Un deuxième problème réside dans le fait que de nombreuses entreprises en Belgique dépendent de sociétés mères et de centres de décision étrangers dans d’autres parties du monde. Le risque d’être dépouillé pour répondre aux besoins de la société mère n’est pas inimaginable. De tels scénarios (à la fois pendant le choc et pendant la période de reconstruction) doivent être pleinement intégrés dans l’approche.

Applications
L’idée de calculer la résistance aux chocs est née peu après les attentats terroristes de Zaventem et de Bruxelles en 2016. Il y a en effet alors eu un choc qui, bien que dramatique, a été plutôt limité. Cependant, le lien avec d’autres domaines a été rapidement établi. Par exemple, la résistance aux chocs serait également idéale pour informer les bourgmestres qui ont l’intention de réaménager une place de la ville. Cela signifie en effet que les magasins de cette place seront « confinés » pendant quelques mois. Le bourgmestre pourrait alors prioriser les entreprises qui ont le plus besoin de soutien (sur base du score d’impact) et déterminer les budgets pour celles-ci (besoin d’injection).

Mais considérons également, par exemple, une situation dans laquelle une ligne d’approvisionnement en biens de première nécessité s’arrêterait en raison des conditions du marché ou de tensions internationales.
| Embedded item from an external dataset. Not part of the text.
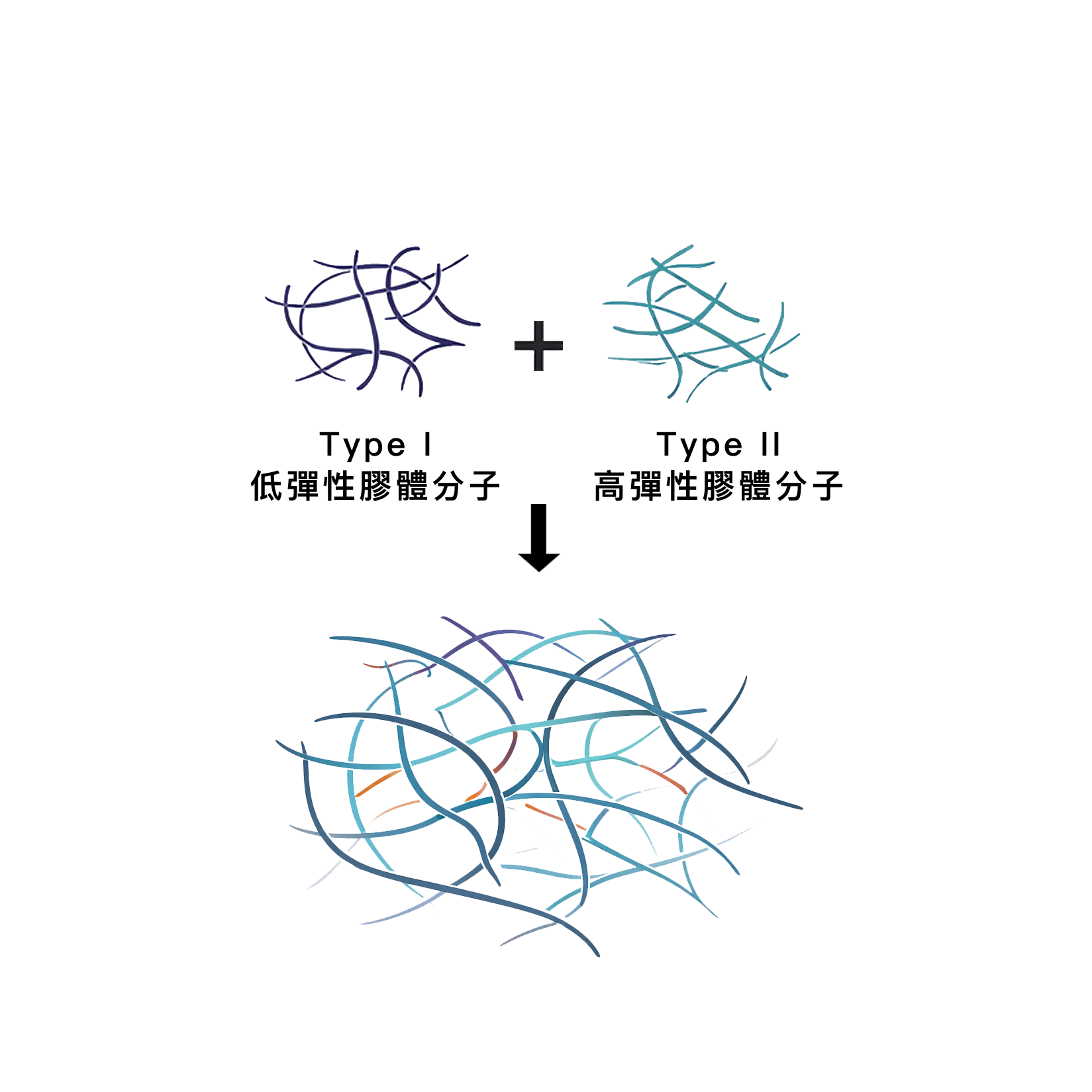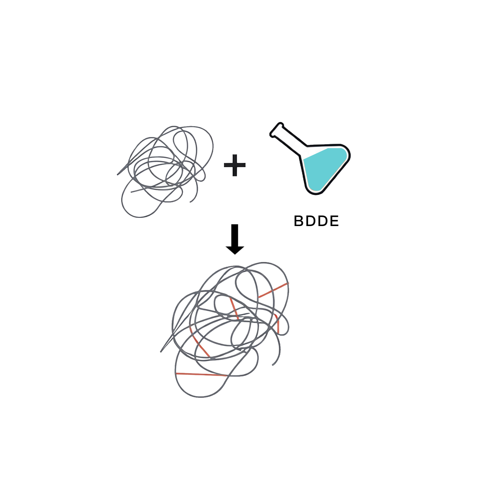 製成 | 以過篩方式挑選不同大小玻尿酸 | 加入BDDE交聯劑與玻尿酸混合 | 將高底彈性玻尿酸透過氫鍵結合 |

Une coupure d’électricité soudaine, par exemple.

Projet prioritaire
Graydon a vu son expertise dans les données, les algorithmes et les modèles de prédiction comme un support pour mieux comprendre l’impact de la crise et les mesures nécessaires. Nous estimons également que nous pouvons fournir des informations à un stade ultérieur pour informer quant à la reconstruction de notre économie.

Tous les projets en cours ont été mis de côté pour se concentrer entièrement sur cela. Toute l’équipe de data scientists, d’analystes, d’avocats et de nombreuses autres parties prenantes a été impliquée à plein temps dans le développement du nouveau modèle. En attendant, le modèle de base est continuellement affiné, ajusté et étendu sur base des décisions et des mesures de soutien qui sont prises (amélioration continue). Pour ce faire, nous sommes en contact étroit avec la taskforce de crise du gouvernement fédéral.

Fonction de soutien
Graydon se rend compte du danger que les résultats du score d’impact et de l’Impact Score Report puissent être utilisés négativement. Les entreprises pourraient utiliser le score pour exclure ou exiger un paiement immédiat aux clients étiquetés comme fortement touchés par le choc. De cette façon, les « victimes » descendraient encore plus vite dans l’abîme et cela n’est pas du tout notre intention.

Par conséquent, ce modèle n’est disponible que pour les organismes et les entreprises qui s’engagent à utiliser les informations uniquement à titre de soutien. Une entreprise peut donc utiliser le score pour déterminer quel client a besoin de soutien (sous forme de paiement différé par exemple) pour survivre à cette crise.